We recommend this installation for the users of Intel® Distribution for Python.

  • Install into a newly created environment (recommended):

    conda config --add channels intel
    conda config --set channel_priority strict
    conda create -n env python=3.10 scikit-learn-intelex

..note: If you do not specify the version of Python, the latest one is downloaded.

  • Install into your current environment:

    conda config --add channels intel
    conda config --set channel_priority strict
    conda install scikit-learn-intelex
📦 Supported configurations for Anaconda Cloud from Intel channel
OS / Python version Python 3.8 Python 3.9 Python 3.10 Python 3.11
Linux [CPU, GPU] [CPU, GPU] [CPU, GPU] [CPU, GPU]
Windows [CPU, GPU] [CPU, GPU] [CPU, GPU] [CPU, GPU]

Install via Anaconda Cloud from Main channel

NOTE: Anaconda Main channel usually lags behind on versions deployed. You likely will not find latest version there.

  • Install into a newly created environment (recommended):

    conda create -n env python=3.10 scikit-learn-intelex

..note: If you do not specify the version of Python, the latest one is downloaded.

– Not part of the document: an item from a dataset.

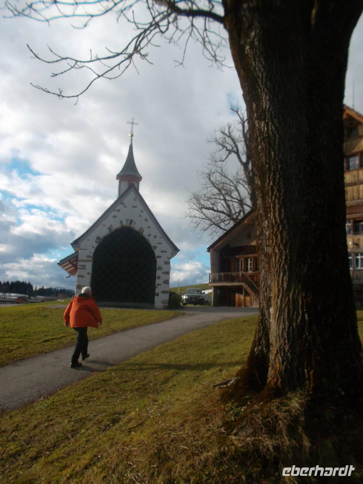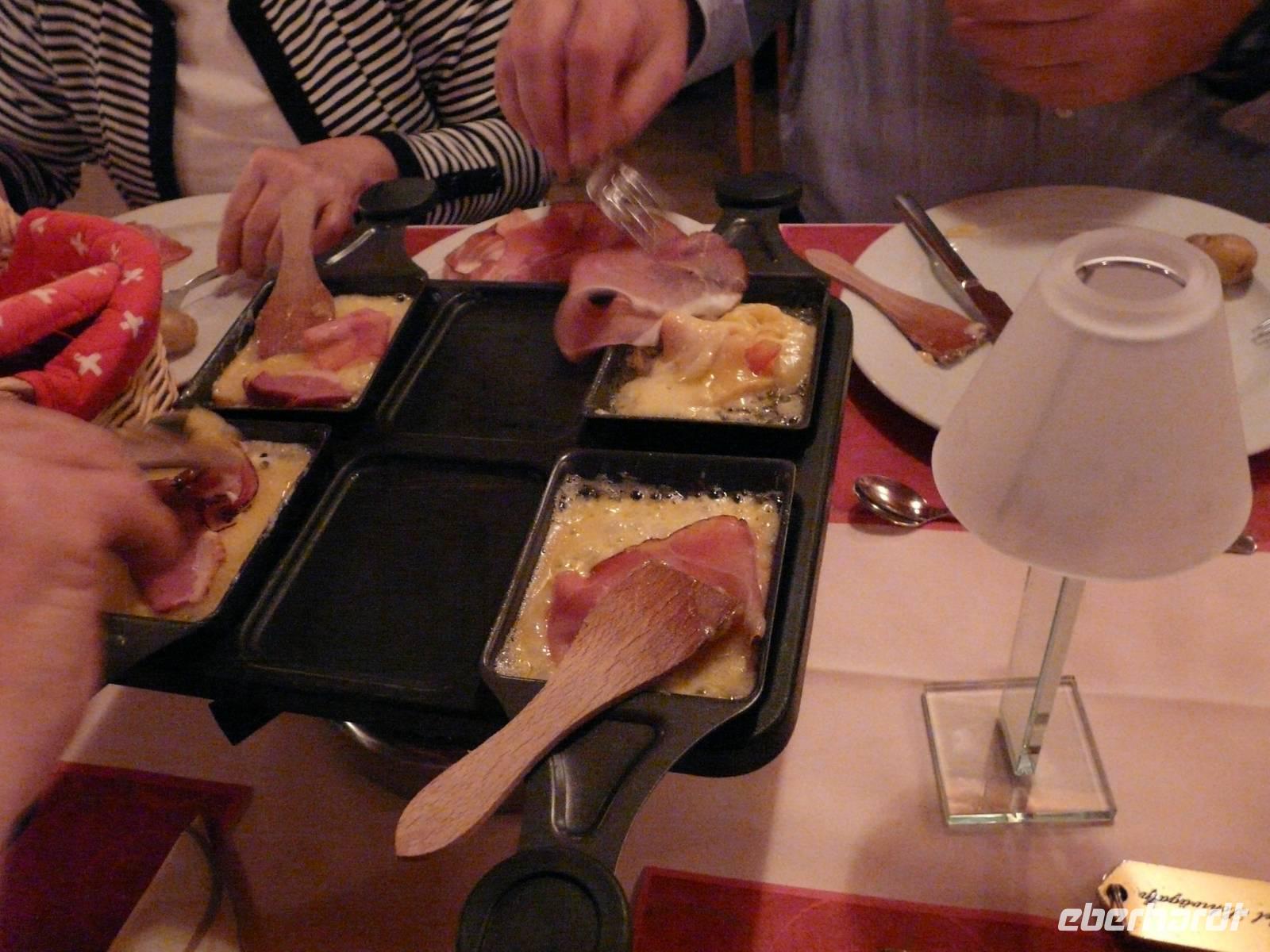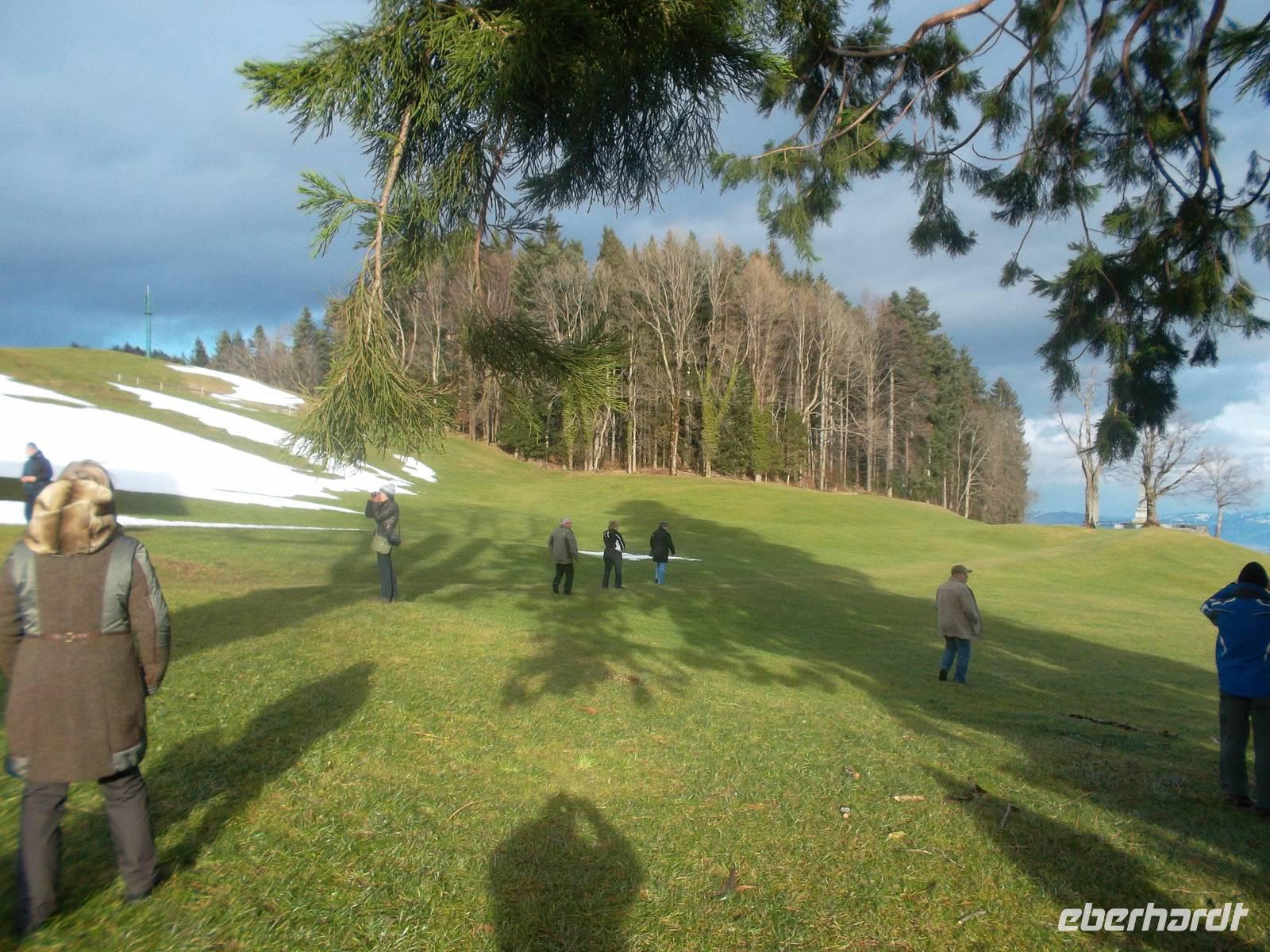 Gegen Mittag dann fuhren wir im Bus mit unseren interessierten Gästen ins Dorf Appenzell. Als 1597 im Religionsstreit der Kanton Appenzell in zwei selbständige Halbkantone - Außerrhoden und Innerrhoden - geteilt wurde, blieb die etwas über 5000 Einwohner zählende Landgemeinde Hauptstadt des katholischen Außerrhoden. Wir spazierten zunächst zum Landgemeindeplatz, wo sich bis vor kurzem noch jährlich alle wahlberechtigten Bürger versammelten - erst 1990 gab es hier auch das Wahlrecht für Frauen! - und von hier durch die Hauptgasse mit ihren hübschen Häusern. Phantasievoll bemalt und oft mit den für die hiesige Alpenarchitektur typischen „Schweifgiebeln" versehen, war es eine Gasse der Verlockungen, denn die Auslagen der geöffneten Geschäfte und Kaffees hielten neben zahlreichen Souvenirs und Stickereien auch Süßigkeiten und leckere Torten bereit. Eine kleine Kapelle am Anfang der Hauptgasse, Geschäfte und Patrizierhäuser sowie das hübsche Rathaus und die wuchtige Mauritiuskirche machen den Reiz des kleinen Ortes aus. Bevor wir wieder zurück in unser Berghotel fuhren, hatten wir noch ein kleines Extra im Sinne der Eberhardt „Richtig Reisen!"-Philosophie für unsere Gäste: wir fuhren zum Stoss-Pass! Hier hatte nicht nur im Jahre 1405 in der „Schlacht am Stoss" ein kleines Heer Appenzeller Bauern über eine gewaltige Übermacht des Tiroler Herzogs und des St.Galler Fürstbischofs gesiegt - woran heute noch eine Kapelle und ein Gedenkstein erinnern - hier gibt es auch den schönsten und umfangreichsten Blick über das ganze Appenzeller Land. Nach Stopp und kleiner Wanderung zum Gedenkstein legten wir auf der Weiterfahrt noch einen halbstündigen Stopp im denkmalgeschützten Ort Gais mit seinen Schweifgiebelhäusern ein. Am frühen Abend dann, nach der Rückkehr ins Hotel, trafen wir uns um 18.00 Uhr zu einem gemeinsamen, romantischen Spaziergang auf dem „Laternliweg". Der festgestampfte Weg durch den verschneiten Wald „umrundet" sozusagen das Berghotel Schwägalp, wird zu bestimmten Zeiten abends von an Pfosten aufgehängten Laternen erleuchtet und mittendring gab es eine Überraschung: Mitarbeiter des Hotels schenkten Punsch und Glühwein aus. Allen Teilnehmern hat der Glühwein geschmeckt - aber ein besonderes Abendessen bevorstand, fanden sie schnell den Weg zurück. Das Abendessen war ein typisches Schweizer „Raclette" - auf einem Öfchen wird deftiger Alpenkäse in kleinen Tiegelchen zum Schmelzen gebracht und warm zusammen mit Pellkartoffeln und verschiedenen Schinken- und Fleischspezialitäten gegessen - ein Gedicht! Dazu schmeckte natürlich Schweizer Wein - eigentlich immer eine Empfehlung, denn als Weinnation ist die Schweiz nun wirklich nicht gerade bekannt, obwohl seit der Römerzeit im Alpenland sehr erfolgreich und schmackhaft Trauben angebaut und gekeltert werden.

  • Install into your current environment:

    conda install scikit-learn-intelex
📦 Supported configurations for Anaconda Cloud from Main channel
OS / Python version Python 3.8 Python 3.9 Python 3.10 Python 3.11
Linux [CPU] [CPU] [CPU] [CPU]
Windows [CPU] [CPU] [CPU] [CPU]

Build from sources

Intel(R) Extension for Scikit-learn is easily built from sources with the majority of the necessary prerequisites available on conda or pip. The instructions below detail how to gather the prerequisites and build and install the completed package. The package can be built for all three major platforms (Windows, Linux, macOS).

Prerequisites

  • Python version >= 3.8, <= 3.11
  • daal4py >= 2024.0

NOTE: You can build daal4py from sources or get it from distribution channels.

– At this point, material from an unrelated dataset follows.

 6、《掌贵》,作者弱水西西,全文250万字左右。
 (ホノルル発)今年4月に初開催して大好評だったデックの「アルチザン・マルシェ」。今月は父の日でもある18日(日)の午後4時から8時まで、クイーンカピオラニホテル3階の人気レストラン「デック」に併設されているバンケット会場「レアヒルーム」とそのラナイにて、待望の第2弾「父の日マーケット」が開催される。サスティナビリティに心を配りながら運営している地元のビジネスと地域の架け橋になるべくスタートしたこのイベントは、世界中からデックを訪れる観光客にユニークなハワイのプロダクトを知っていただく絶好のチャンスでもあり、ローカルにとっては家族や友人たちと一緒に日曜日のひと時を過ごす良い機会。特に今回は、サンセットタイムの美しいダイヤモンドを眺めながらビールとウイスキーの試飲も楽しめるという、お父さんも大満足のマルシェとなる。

Configure the build with environment variables

  • SKLEARNEX_VERSION: sets package version
  • DALROOT: sets the oneAPI Data Analytics Library path

Build Intel(R) Extension for Scikit-learn

  • To install the package:

    cd <checkout-dir>
    python setup_sklearnex.py install
  • To install the package in the development mode:

    cd <checkout-dir>
    python setup_sklearnex.py develop
  • To install scikit-learn-intelex without downloading daal4py:

    cd <checkout-dir>
    python setup_sklearnex.py install --single-version-externally-managed --record=record.txt
    cd <checkout-dir>
    python setup_sklearnex.py develop --no-deps

⚠️ Keys --single-version-externally-managed and --no-deps are required so that daal4py is not downloaded after installation of Intel(R) Extension for Scikit-learn

⚠️ The develop mode will not install the package but it will create a .egg-link in the deployment directory back to the project source code directory. That way you can edit the source code and see the changes without having to reinstall package every time you make a small change.

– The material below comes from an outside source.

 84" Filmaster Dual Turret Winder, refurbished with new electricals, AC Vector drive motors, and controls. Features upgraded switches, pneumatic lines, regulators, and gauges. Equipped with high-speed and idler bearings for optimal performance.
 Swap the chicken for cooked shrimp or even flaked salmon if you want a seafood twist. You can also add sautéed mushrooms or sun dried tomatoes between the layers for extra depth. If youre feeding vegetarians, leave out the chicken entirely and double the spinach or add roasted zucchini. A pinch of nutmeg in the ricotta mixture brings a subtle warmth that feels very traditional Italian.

⚠️ --single-version-externally-managed is an option used for Python packages instructing the setuptools module to create a Python package that can be easily managed by the package manager on the host.

Build documentation for Intel(R) Extension for Scikit-learn

Prerequisites for creating documentation

Build documentation

Run:

cd doc
./build-doc.sh

The documentation will be in doc/_build/html.